Ricorda il cinque novembre

Alla fine di Luccacomicsandgames è giusto fare una riflessione. Propio oggi, il cinque novembre è il giorno ricordato dal fumetto V for Vendetta  di Alan Moore e David Lloyd. Il cinque novembre è il giorno in cui Guy Fawkes tentò di far saltare il parlamanto inglese, il giono delle polveri. Il protagonista della storia a fumetti – da cui e poi stato tratto un film dalle tematiche un po’ meno forti -, nominato solamente e sempre come V, è un terrorista, si muove in uno pseudopresente fascista ed è critico tanto con le autorità quanto con gli uomini sottomessi, quelli che non sanno dire no.

“Cosi’ proprio non va, vero? E non serve dare la colpa del calo nel lavoro a una cattiva amministrazione… Anche se, in effetti l’amministrazione è pessima. Non usiamo eufemismi l’amministrazione è terribile. Abbiamo avuto una sfilza di malversatori, imbroglioni, bugiardi e maniaci che hanno preso una sfilza di decisioni catastrofiche. È un fatto assodato. Ma chi li ha eletti? Sei stato tu! Tu che hai nominato queste persone! Tu che hai dato loro il potere di prendere decisioni per te! Per quanto ammetto che si possa fare un errore una volta, fare gli stessi errori letali un secolo dopo l’altro mi sembra pura e semplice premeditazione. Hai incoraggiato questi incompetenti criminali che hanno ridotto a un inferno la tua vita lavorativa. Hai accettato i loro ordini senza sollevare dubbi. Hai permesso loro di riempire il tuo spazio di macchine pericolose. Dovevi soltanto dire NO! Non hai spina dorsale. Non hai orgoglio. Non sei più un elemento prezioso per l’azienda. Tuttavia sarò generoso. Ti saranno concessi due anni per mostrarmi un miglioramento. Se alla fine del periodo sarai ancora restio a fare tentativi… Sarai liquidato. Questo è tutto puoi tornare al tuo lavoro. Le trasmissioni saranno riprese al più presto possibile.”
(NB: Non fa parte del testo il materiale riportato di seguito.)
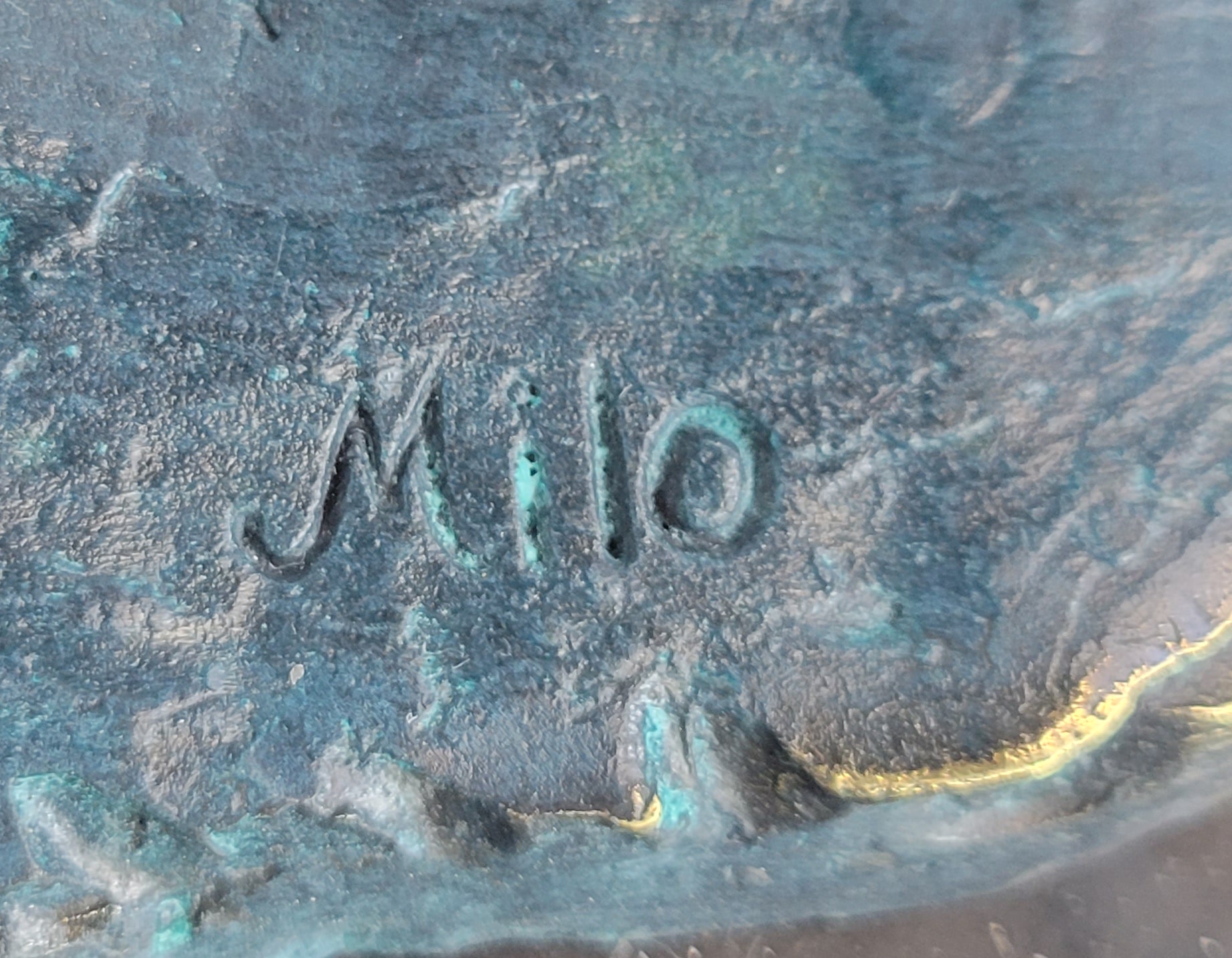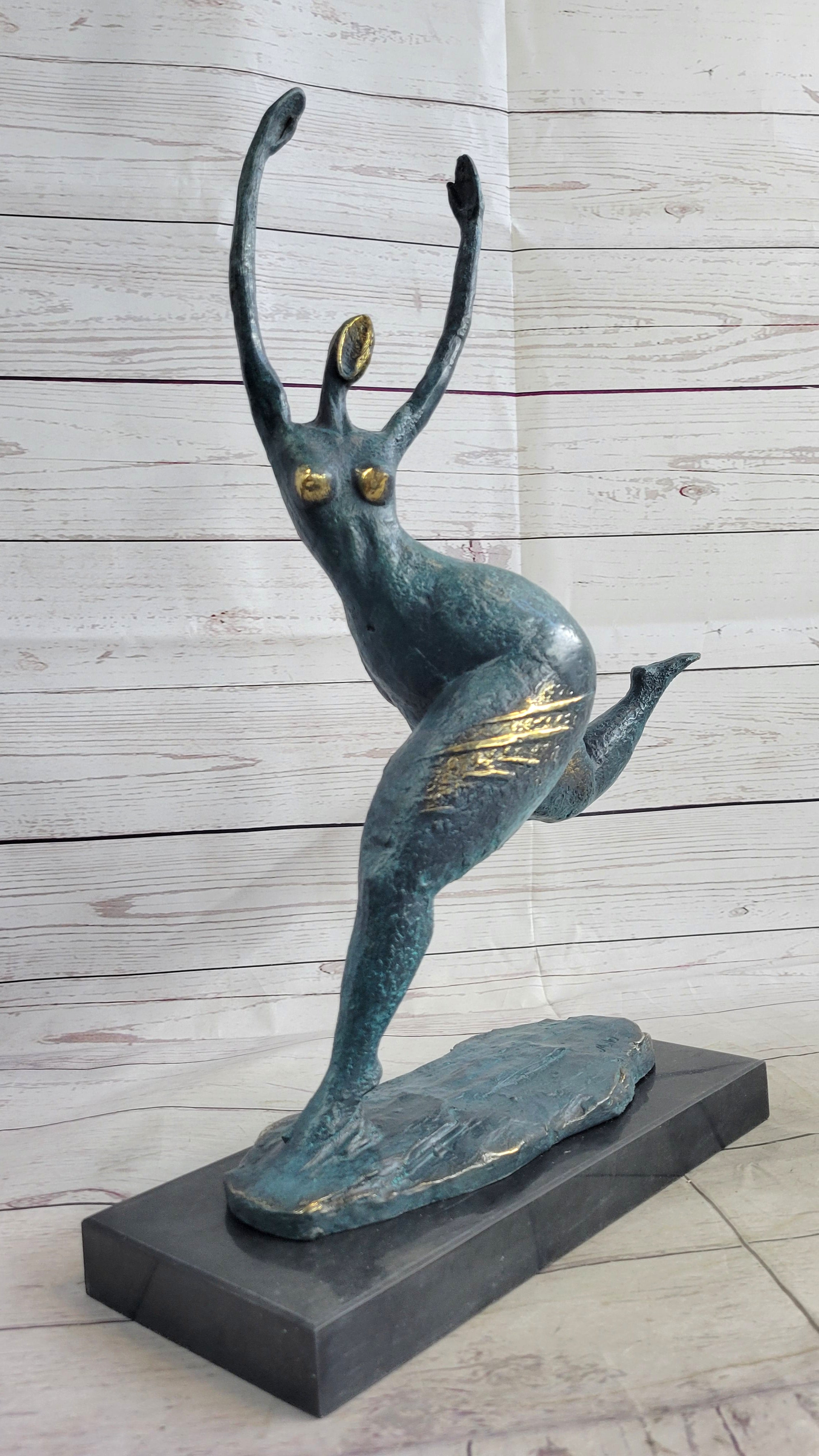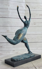 An abstract female dancer sculpture. You can just tell this is a powerful dancer in the sharpness of her position. This wonderfully curvaceous woman bears the wide hips commonly attributed to femininity and fertility. It is a 100% bronze, cast using the lost wax method. It stands tall on a black marble base. This sculpture is signed by Milo.Bronze Dimensions with Marble Base: Height 18 1/2" X Width 14"
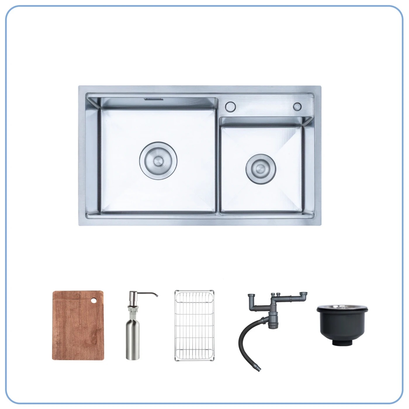 Thiết kế 2 hố lệch với đường nét mềm mại, thanh lịch, phù hợp mọi không gian bếp.
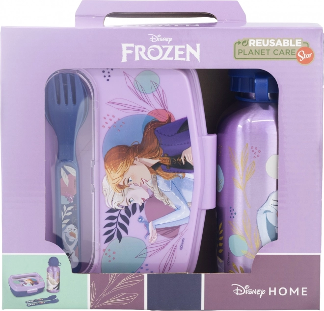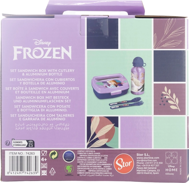 Set de masă pentru copii din 4 piese cu motivul REGATUL DE GHEAȚĂ de la STOR: include sticlă din aluminiu 400 ml, cutie pentru gustare și set de tacâmuri (linguriță și furculiță). Ideal pentru școală și excursii, fără BPA.
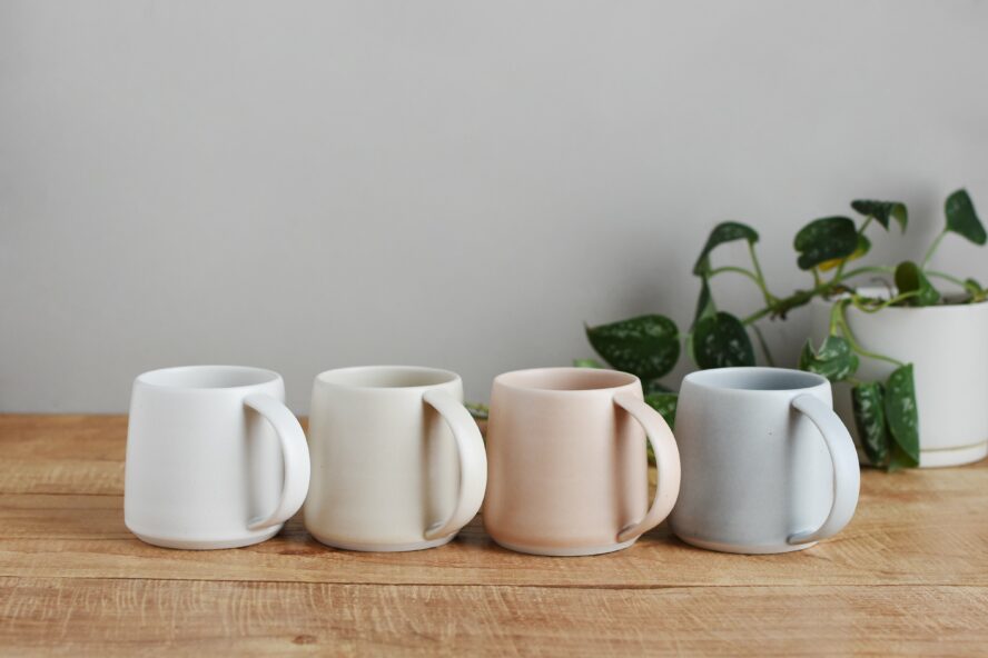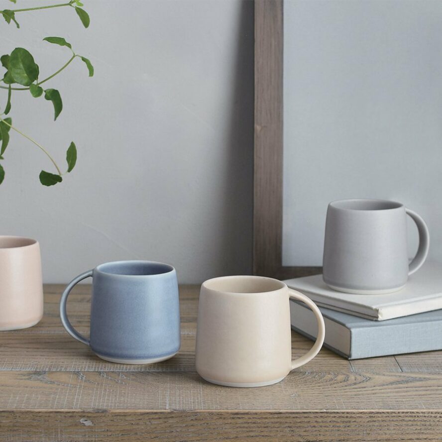 Taza de porcelana hecha a mano. Suave al tacto y las asas están diseñadas para que quepan cómodamente en las manos.

Alan Moore ci dice, facendo recitare – grazie ai pennelli del suo collaboratore – un pezzo di vaudeville il suo protagonista, che, chi vive una vita che non gli appartiene prende parte a un vile cabaret. Un framento, in particolare, nella pièce in rima fotografa perfettamente lo stato d’animo di chi è costretto a qualcosa che non gli va:

“Chi non vuole soggiacere

dovrà indossare una guêpière

e ballare tutte le sere

in questo vile cabaret”.

A trent’anni dall’uscita di questo capolavoro letterario, le tematiche sono sempre attualissime. Banalmente chi ha partecipato agli incontri sia della parte comics che della parte games della manifestazione lucchese sopracitata si è accorto di una differenza abissale di professionalità, di competenza e di passione tra le due parti che – stando a quanto recita il nome del festival – dovrebbero essere paritarie. La parte games è una manifestazione internazionale di livello, durante la quale tutto funziona e gli autori e gli avventori hanno la sensazione di partecipare a qualcosa di grande e di unico e di organizzato. In questa parte si nota anche la presenza, non solo di giochi in scatola o di videogames o di sfilate di cosplay, ma anche della letteratura di genere e delle serie televisive e dell’illustrazione con la I maiuscola. Mentre nella sezione comics l’approssimazione, talvolta, addirittura offende maestri e case editrici che, fino all’avvento dei “games”, hanno fatto la fortuna e tenuto in piedi la kermesse permettendogli di raggiungere vette record di presenze come in questa edizione appena conclusa.